Portable paths for sharing projects

library(fromhere)

Using appropriate relative file paths is essential for creating portable and reproducible projects. Portable projects are self-contained, meaning all code, data and other files needed by your project are contained within it.

Relative paths play a central role in portability, allowing you to specify file locations relative to a known reference point (e.g., the project root). Compared to system-specific absolute paths, relative file paths work on any system, allowing others to reproduce your work without modifying file paths.

This vignette demonstrates how relative paths from different project roots can be created using the fromhere package, with discussion on how each path type affects the portability of your project.

Project portability

How you organise your project files and specify paths to them changes the portability of your project. Less portable file paths require more specific file structures. For example, in increasing portability:

The working directory can differ depending on context. In general,

Portability example

The files (and paths) used within each part of your project affects its portability.

Consider the R project "my-awesome-project", which has been saved to the Documents folder on John’s computer ("/Users/John/Documents/"). It has the following contents:

my-awesome-project/
├── data-raw/                   # Raw / unprocessed data files
├── data/                       # Clean / processed data files
   ├── survey_cleaned_2024.csv
   ├── population_summary.csv
├── R/                          # R scripts
├── docs/                       # Documents
   ├── analysis.qmd
   ├── memo.qmd
   ├── resources/              # Document resources
   │   ├── logo.png
   │   └── signature.png
├── outputs/                    # Results, figures, tables, and other outputs
   ├── figures/                # Graphs and charts
   └── tables/                 # Data tables and results
       ├── regression_summary.csv
├── README.md                   # Project description and instructions
└── my-awesome-project.Rproj    # R Project file

Consider the two documents in this project, "docs/analysis.qmd" and "docs/memo.qmd":

The memo.qmd document is more portable than analysis.qmd since it can be moved independently of the broader project. It is good practice to organise your project such that individual components are portable. In this case the logo and signature is kept within the docs folder because they are only needed for documents. While less portable than the memo, the analysis is still reasonably portable since everything is contained in the project folder (rather than files scattered around the computer).

By adopting relative paths and understanding project portability, you can create projects that are robust, shareable, and adaptable to new environments. The fromhere package simplifies this process, allowing you to declare paths relative to various project roots, enhancing the portability of your work.

Absolute vs. Relative Paths

Absolute paths (not portable)

An absolute path includes the full location of the files on the computer, so reading the survey data would be:

# Path hardcoded to John's specific system
read.csv("/Users/John/Documents/my-awesome-project/data/survey_cleaned_2024.csv")

This is NOT portable, imagine if this project was shared with Jane who saved it in the Downloads folder of their Windows computer. In this case, the file path starting with "/Users/John/Documents" doesn’t exist on Jane’s computer. Instead the suitable path for Jane is:

# Path hardcoded to Jane's specific system
read.csv("C:\Users\Jane\Downloads\my-awesome-project\data\survey_cleaned_2024.csv")

As a result, the code cannot be reproduced without modification. Jane will have to update all the paths for them to work on her computer.

Relative paths (portable)

A relative path specifies the location of files from a starting folder. In an R session, relative paths start from the current working directory. When you open an RStudio Project, the current working directory will be (automatically set to) your project folder.

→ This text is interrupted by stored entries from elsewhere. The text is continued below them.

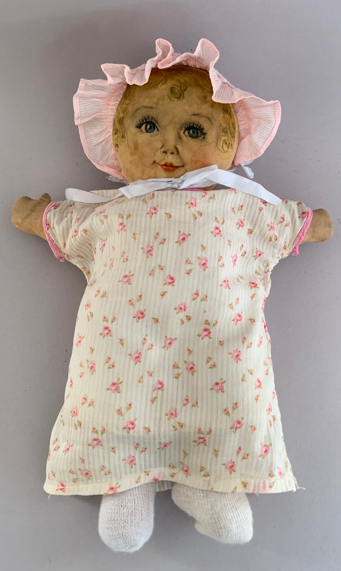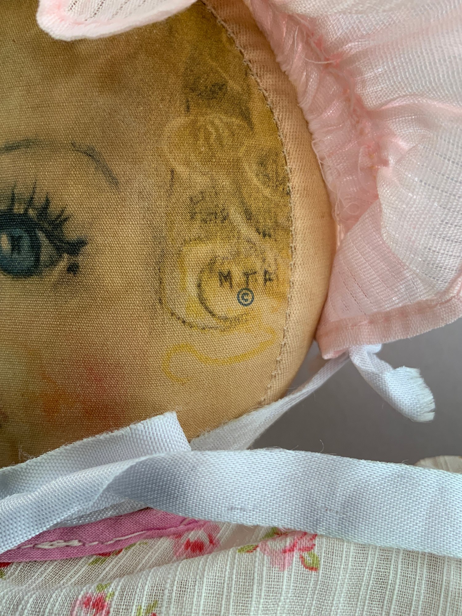 14” Cloth Maud Tousey Fangel “Sweets” doll, printed face, floral outfit, left side M T F (staining under hat)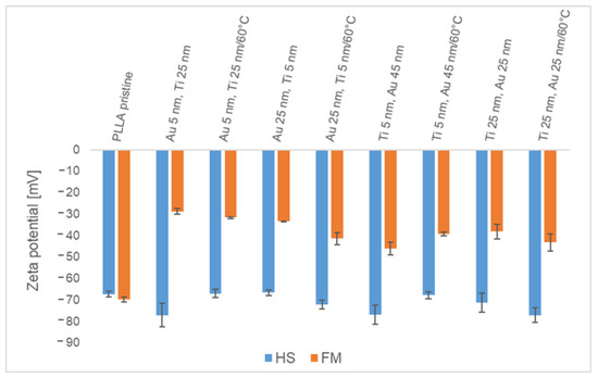 The results of the zeta potential measurements are shown in Figure 11. The values were obtained for gold and titanium bottom layer thicknesses of 5 and 25 nm, respectively, both for unheated and heated samples. The unheated samples with 5-nm gold and 25-nm titanium layers and with 5-nm titanium and 45-nm gold layers had a lower zeta potential compared to unmodified PLLA. In both cases, an increase in the thickness of the metallic bottom layers led to an increase in the zeta potential. The heated samples with a 5-nm metallic bottom layer had a higher zeta potential compared to unheated samples; the increase in thickness of the bottom layer led to a decrease in the zeta potential. For unmodified PLLA, the values did not vary significantly. If we compare the determined zeta potential and contact angle, it can be concluded that with an increasing contact angle, the zeta potential increased for unheated samples with a gold bottom layer as well as with samples with a titanium bottom layer.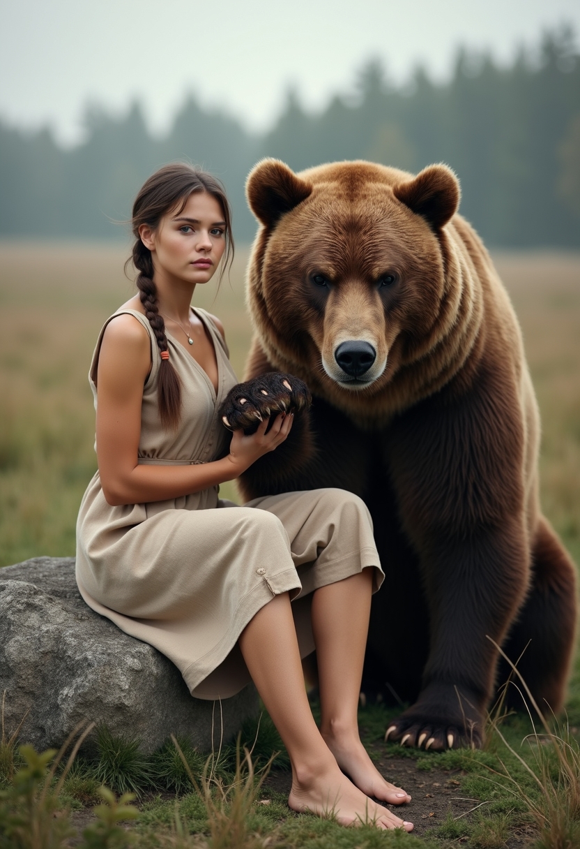Женщина в простом льняном платье землистого оттенка сидит на большом валуне рядом с медведем. Её босые ноги касаются травы, волосы собраны в косу. Она смотрит прямо в камеру, а её ладонь лежит на мощной лапе зверя. Позади раскинувшийся русский пейзаж — поле, берёзы, утренний туман. Освещение мягкое, подчёркивающее естественность момента.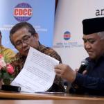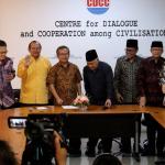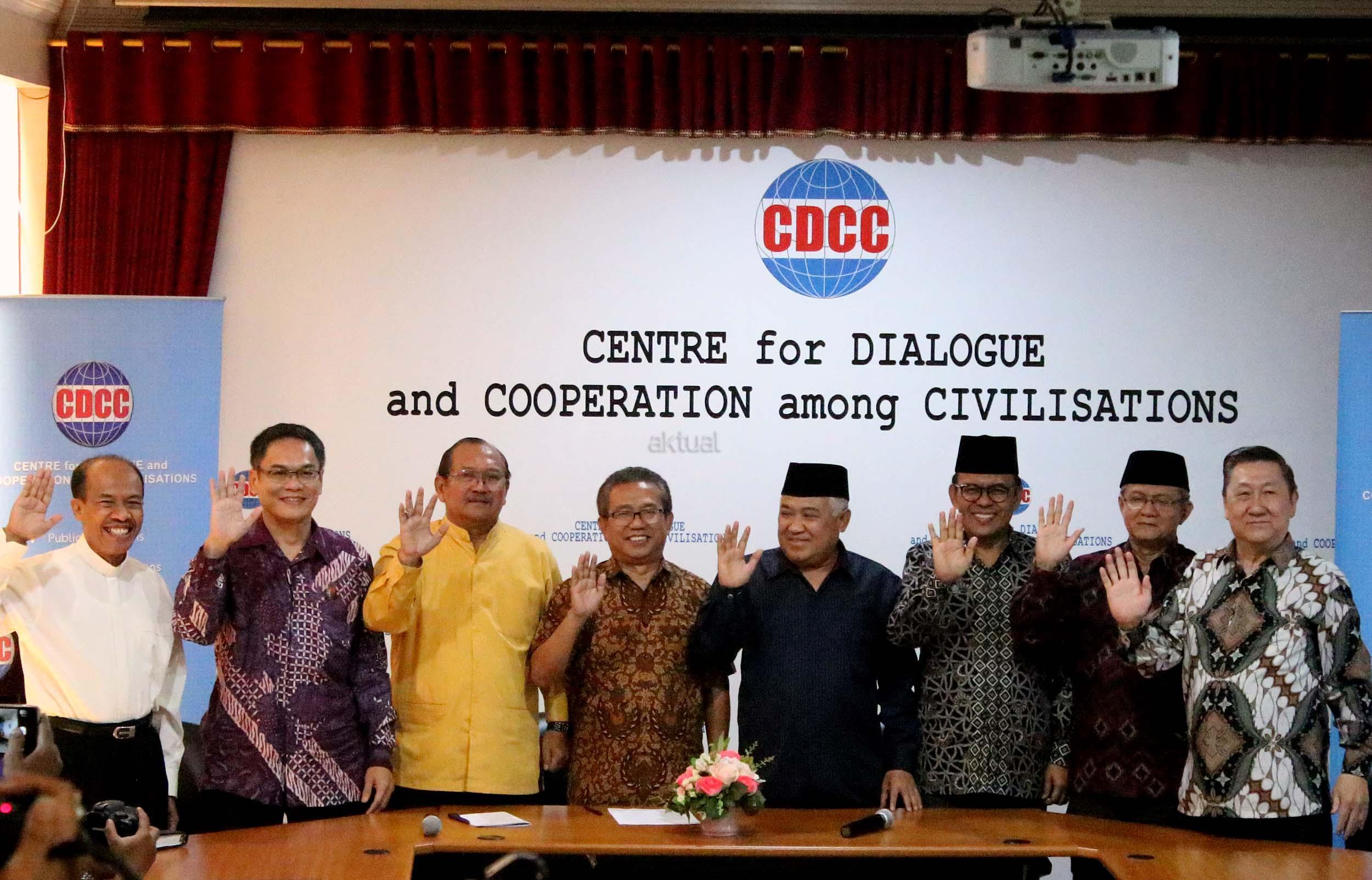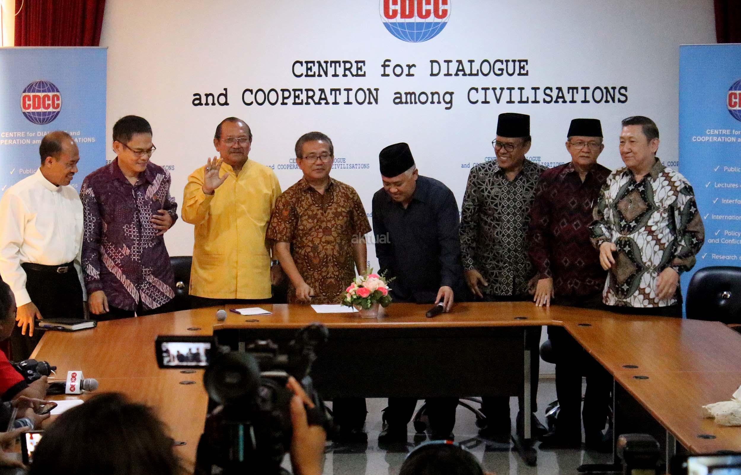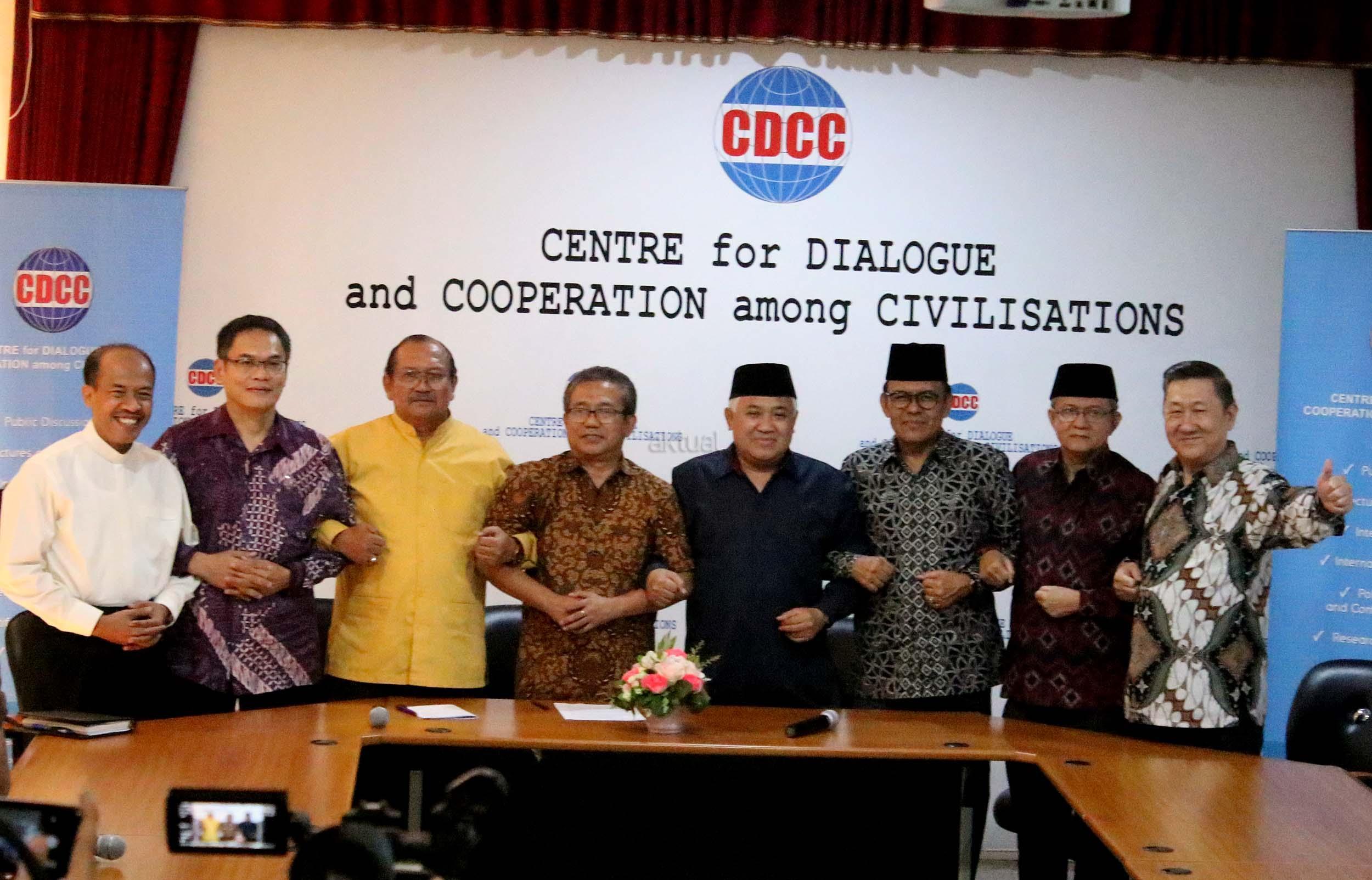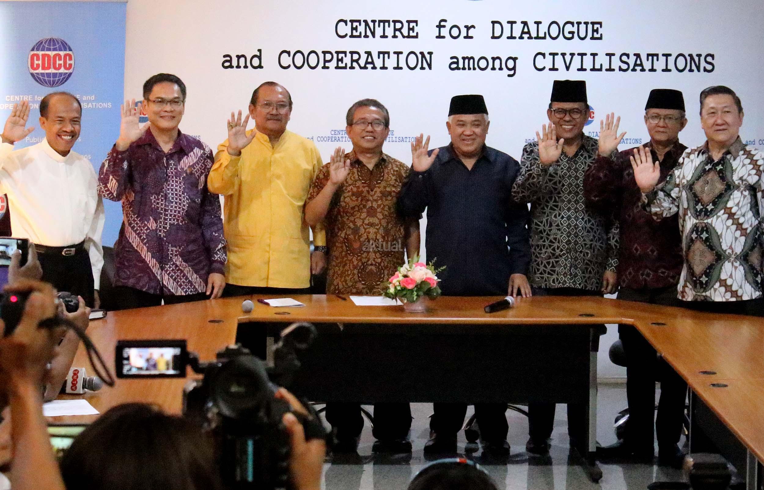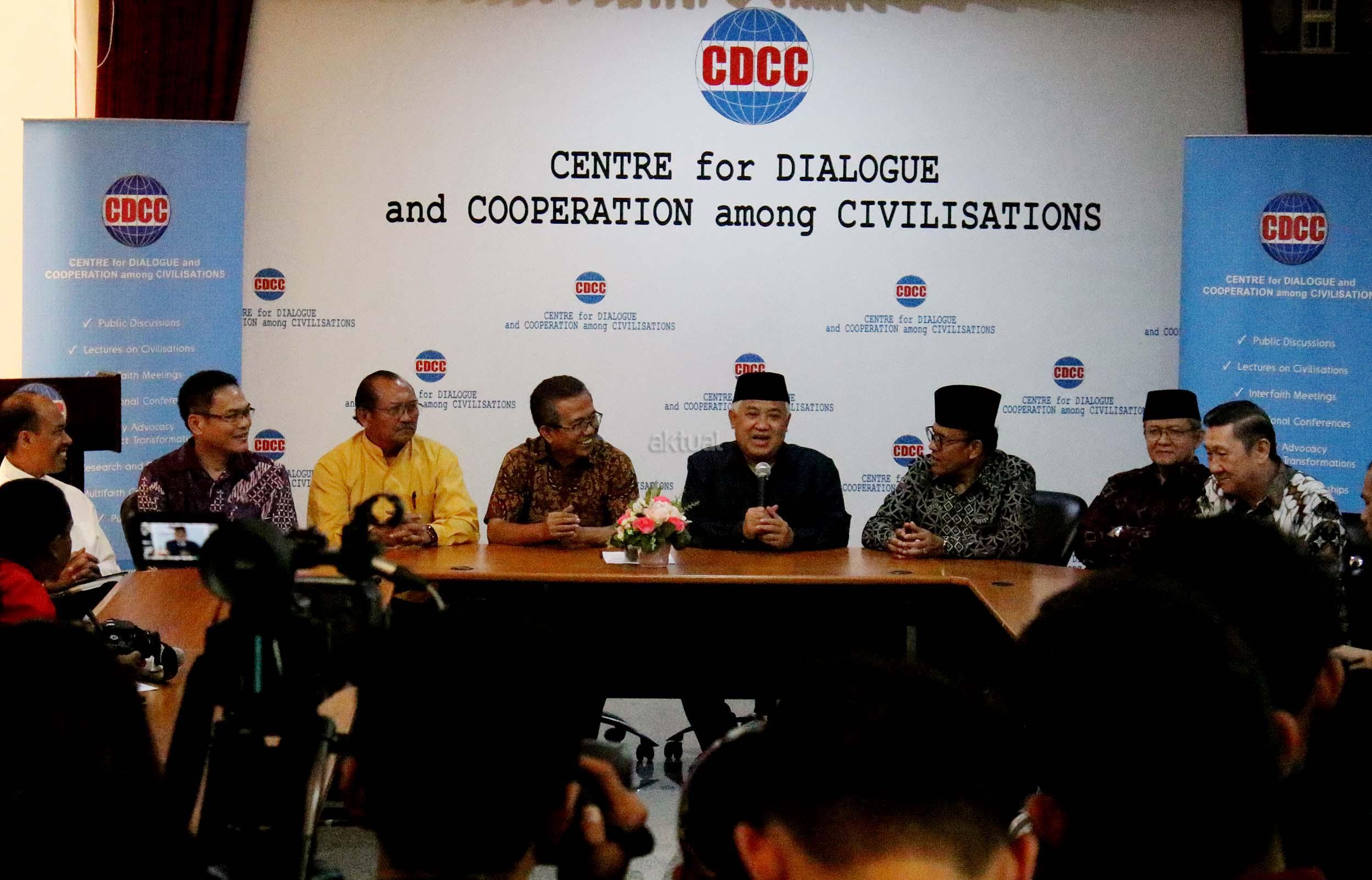 Presidium Inter Religious Council Indonesia (IRC) Din Syamsuddin, bersama tokoh lintas agama memberikan pernyataan sikap menyikapi isu yang berkembang terkait penistaan agama di Kantor CDCC, Jakarta, senin (17/10/2016). Sejumlah tokoh lintas agama meminta sejumlah pihak menahan diri dalam perkataan dan perbuatan yang dapat mendorong pertentangan dalam masyarakat majemuk, terutama menyinggung wilayah sensitifitas menyangkut keyakinan agama, ras dan suku.

The code for reading the survey data with a relative path is:

# Path relative to the working directory
read.csv("data/survey_cleaned_2024.csv")

Notice that the relative path doesn’t include any details about the location of the project on the computer. This allows the project folder to be moved around (on the same computer or shared with others) without needing to change the file paths.

The fromhere package allows you to specify the starting point of relative paths explicitly. This can be useful since the paths will work even if the working directory in R changes. For example, the working directory is changed to the document’s folder ("docs") when rendering RMarkdown/Quarto documents. Using fromhere::from_rproj() will explicitly specify paths starting from the project folder even in RMarkdown/Quarto documents:

# Path relative to the project folder
library(fromhere)
read.csv(from_rproj("data/survey_cleaned_2024.csv"))

Aside: ., and ..

File paths can also include . and .., these paths refer to current directory (.) and the parent directory (..).

This allows you to navigate up folders, for example from_rproj("..") will give you the folder above the project ("/Users/John/Documents" for John, and "C:\Users\Jane\Downloads" for Jane).

Using from_rproj("..") results in a less portable project, since your work now depends on the file structure above your project folder.